▶ _Work to be completed_: Search the records below for the word "last", then return every line where it appears.

▶ _Data extract_:
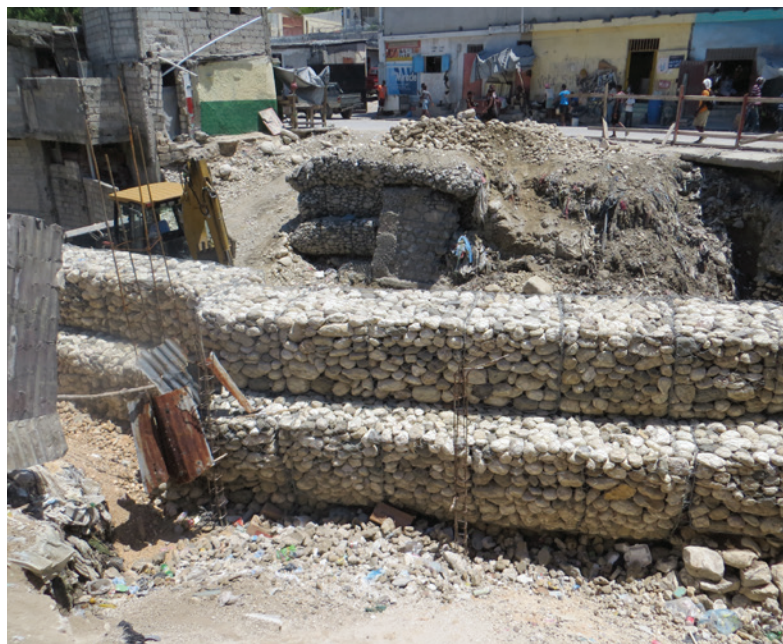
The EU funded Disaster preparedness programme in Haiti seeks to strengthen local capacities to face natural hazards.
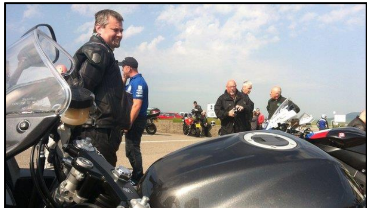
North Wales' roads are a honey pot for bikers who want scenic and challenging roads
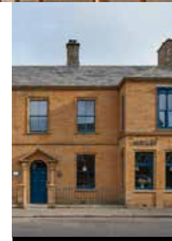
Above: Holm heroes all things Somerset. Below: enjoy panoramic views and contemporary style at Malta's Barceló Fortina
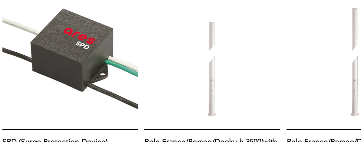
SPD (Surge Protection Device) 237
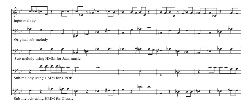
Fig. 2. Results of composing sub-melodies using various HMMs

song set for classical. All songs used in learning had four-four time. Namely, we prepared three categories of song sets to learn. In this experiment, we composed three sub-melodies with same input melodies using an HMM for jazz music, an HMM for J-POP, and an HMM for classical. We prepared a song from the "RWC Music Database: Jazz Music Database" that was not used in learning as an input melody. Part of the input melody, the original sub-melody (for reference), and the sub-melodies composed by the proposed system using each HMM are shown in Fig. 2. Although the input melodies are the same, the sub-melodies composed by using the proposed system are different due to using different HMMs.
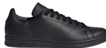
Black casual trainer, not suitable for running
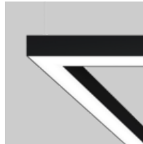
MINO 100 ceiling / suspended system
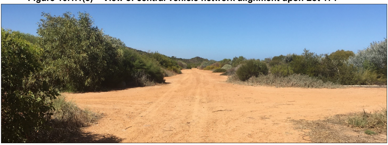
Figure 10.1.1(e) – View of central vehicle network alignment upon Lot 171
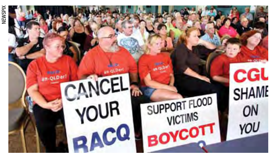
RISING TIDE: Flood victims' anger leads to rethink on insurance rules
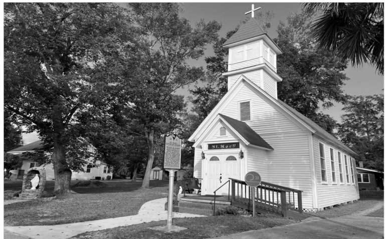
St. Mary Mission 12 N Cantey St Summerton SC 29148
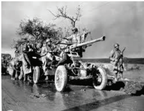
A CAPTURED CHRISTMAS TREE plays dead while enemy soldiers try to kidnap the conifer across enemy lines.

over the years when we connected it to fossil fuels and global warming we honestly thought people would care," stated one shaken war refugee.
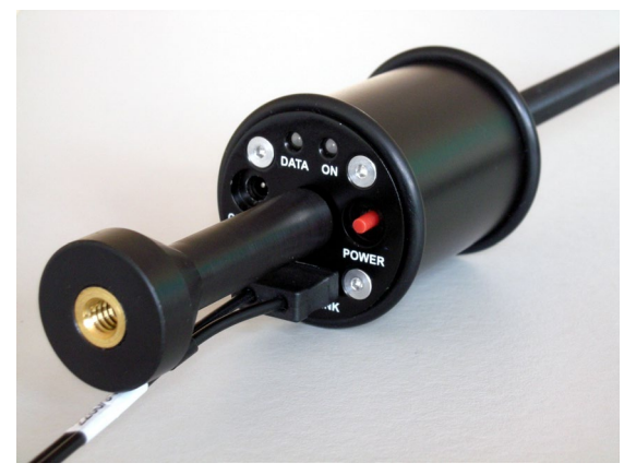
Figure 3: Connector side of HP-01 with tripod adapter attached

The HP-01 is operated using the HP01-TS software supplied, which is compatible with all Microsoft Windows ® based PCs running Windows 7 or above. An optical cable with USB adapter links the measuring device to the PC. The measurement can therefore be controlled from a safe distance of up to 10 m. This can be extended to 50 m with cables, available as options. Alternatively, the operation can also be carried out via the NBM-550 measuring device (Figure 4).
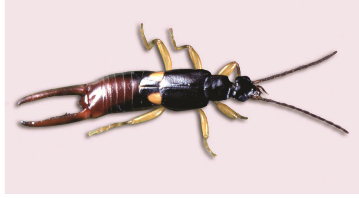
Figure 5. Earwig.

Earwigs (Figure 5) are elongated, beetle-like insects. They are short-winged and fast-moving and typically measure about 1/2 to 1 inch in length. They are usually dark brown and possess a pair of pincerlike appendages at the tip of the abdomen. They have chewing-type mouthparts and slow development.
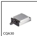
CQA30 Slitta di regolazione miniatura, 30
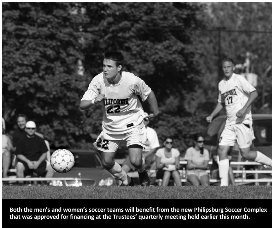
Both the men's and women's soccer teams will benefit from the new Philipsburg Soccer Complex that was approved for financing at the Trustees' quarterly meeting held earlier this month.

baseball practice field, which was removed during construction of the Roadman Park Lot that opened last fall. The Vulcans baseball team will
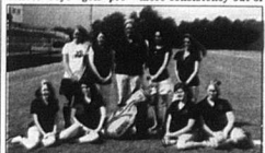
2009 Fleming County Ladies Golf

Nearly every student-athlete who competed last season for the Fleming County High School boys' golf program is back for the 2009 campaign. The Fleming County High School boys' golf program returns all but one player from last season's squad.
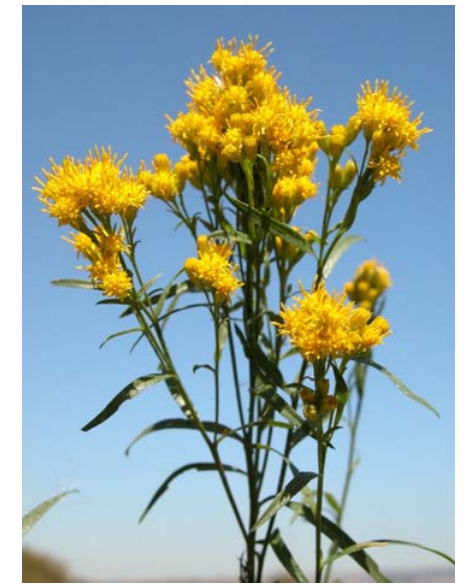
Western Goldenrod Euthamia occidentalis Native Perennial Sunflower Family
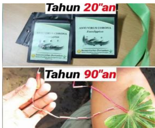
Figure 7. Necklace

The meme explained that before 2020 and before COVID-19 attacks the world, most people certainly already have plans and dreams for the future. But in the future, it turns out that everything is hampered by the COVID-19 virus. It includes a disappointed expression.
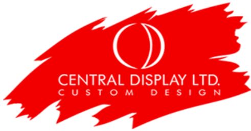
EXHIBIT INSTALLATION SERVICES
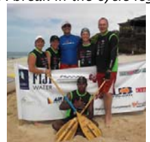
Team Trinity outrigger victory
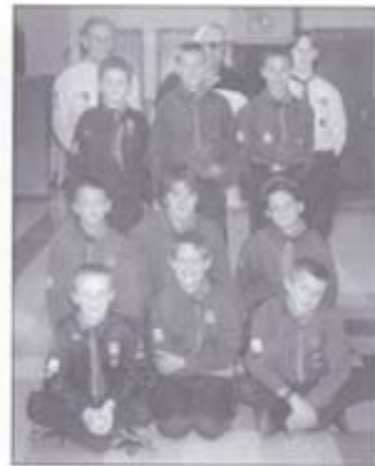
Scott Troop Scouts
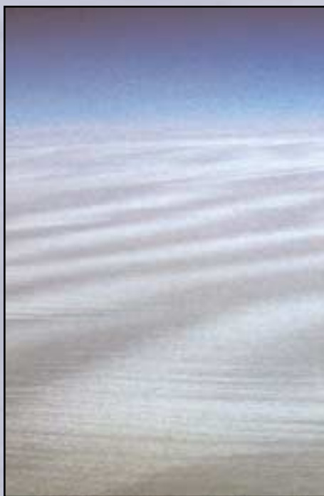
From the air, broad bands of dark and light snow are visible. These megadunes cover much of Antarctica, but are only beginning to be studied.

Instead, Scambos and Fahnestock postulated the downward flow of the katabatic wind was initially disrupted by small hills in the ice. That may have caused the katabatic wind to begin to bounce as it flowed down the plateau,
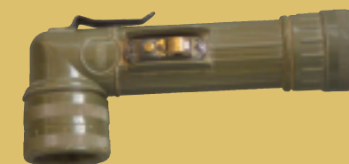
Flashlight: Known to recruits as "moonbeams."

▶ _Written response_:
baseball practice field, which was removed during construction of the Roadman Park Lot that opened last fall. The Vulcans baseball team will
Nearly every student-athlete who competed last season for the Fleming County High School boys' golf program is back for the 2009 campaign. The Fleming County High School boys' golf program returns all but one player from last season's squad.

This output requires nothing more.